- Syrian Special Forces Patch
- Active: 1968 – 2024
- Country: Ba'athist Syria
- Allegiance: Syrian Arab Armed Forces
- Branch: Syrian Arab Army
- Type: Special forces
- Role: Close-quarters combat Counter-insurgency Counter-terrorism Direct action Raiding Reconnaissance Special operations Unconventional warfare Urban warfare
- Size: 3 regiments
- Part of: 2nd Corps
- Garrison/HQ: Damascus
- Engagements: Yom Kippur War; Lebanese Civil War; Islamist uprising in Syria Siege of Aleppo; Hama Massacre; ; Syrian Civil War Siege of Homs; Damascus offensive; Battle of Harasta (2017–2018); Rif Dimashq offensive (February–April 2018); 2018 Southern Syria offensive; As-Suwayda offensive (August–November 2018); ;

Commanders
- Current Commander: Maj. Gen. Ali Asaad
- Notable commanders: Maj. Gen. Ali Haydar Maj. Gen. Bassel al-Assad Maj. Gen. Ali Habib Mahmud Maj. Gen. Mufid Hassan Maj. Gen. Fuad Masaoud

= 14th Special Forces Division =

The 14th Special Forces Division (فرقة القوات الخاصة الرابعة عشرة) was a division of the Syrian Armed Forces specializing in light infantry operations. The Division was part of the Syrian Army's 2nd Corps.

==Role==
Syrians used the term "Special Forces" to describe the 14th, 15th divisions, as well as the independent 'special forces' regiments, but they more closely resembled conventional light infantry units than Western Special Forces in both mission and composition.
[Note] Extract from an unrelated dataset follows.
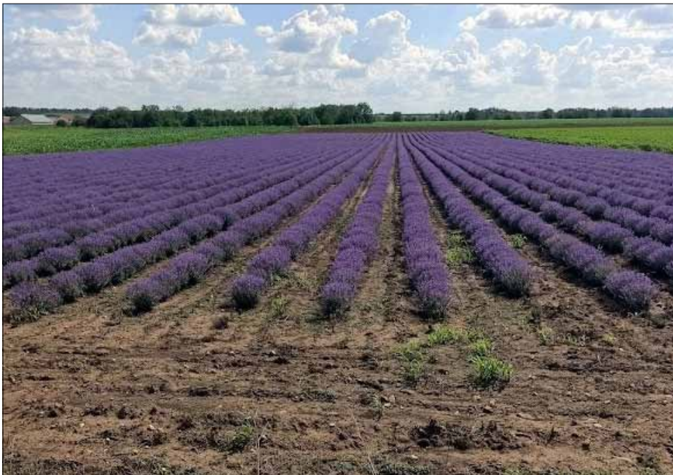
Поскъпването на горивата ще затрудни допълнително производителите на лавандулово масло.

ните на всички услуги по прибирането на реколтата ще се покачат, заради високите цени на горивата. От друга страна е процесът на изваряване и извличане на маслото. Той също ще се оскъпи тъй като масово дестилерите работят на газ, който поскъпна шоково през последните месеци. Производителите вече правят сметка, че дори изкупната цена да достигне 50-60 лева на килограм, това няма как да покрие разходите им и те ще фалират.

The term "Special Forces" was applied ostensibly because of their specialized training in airborne and air assault
operations, but they were regarded as light infantry forces and elite only in relation to the conventional armored and mechanized brigades of the Syrian Army.

==Command structure==
- 14th Special Forces Division (2019)
- 36th Special Forces Regiment
- 554th Special Forces Regiment
- 556th Special Forces Regiment

==Combat history==
The 14th Special Forces Division was established to command three Special Forces Regiments after the mid 1990s restructuring of Ali Haydar’s consolidated Special Forces Command.

Haydar's Special Forces expanded in size to 25,000 men, and formed a key part of the Syrian government's security apparatus. The Special Forces were trained in airborne operations, and were rivaled on power only by the Defense Companies controlled by Hafez's brother, Rifaat. As such, the 14th Division became a strong counter-weight to the Defense Companies, as both these formations were largely airborne divisions.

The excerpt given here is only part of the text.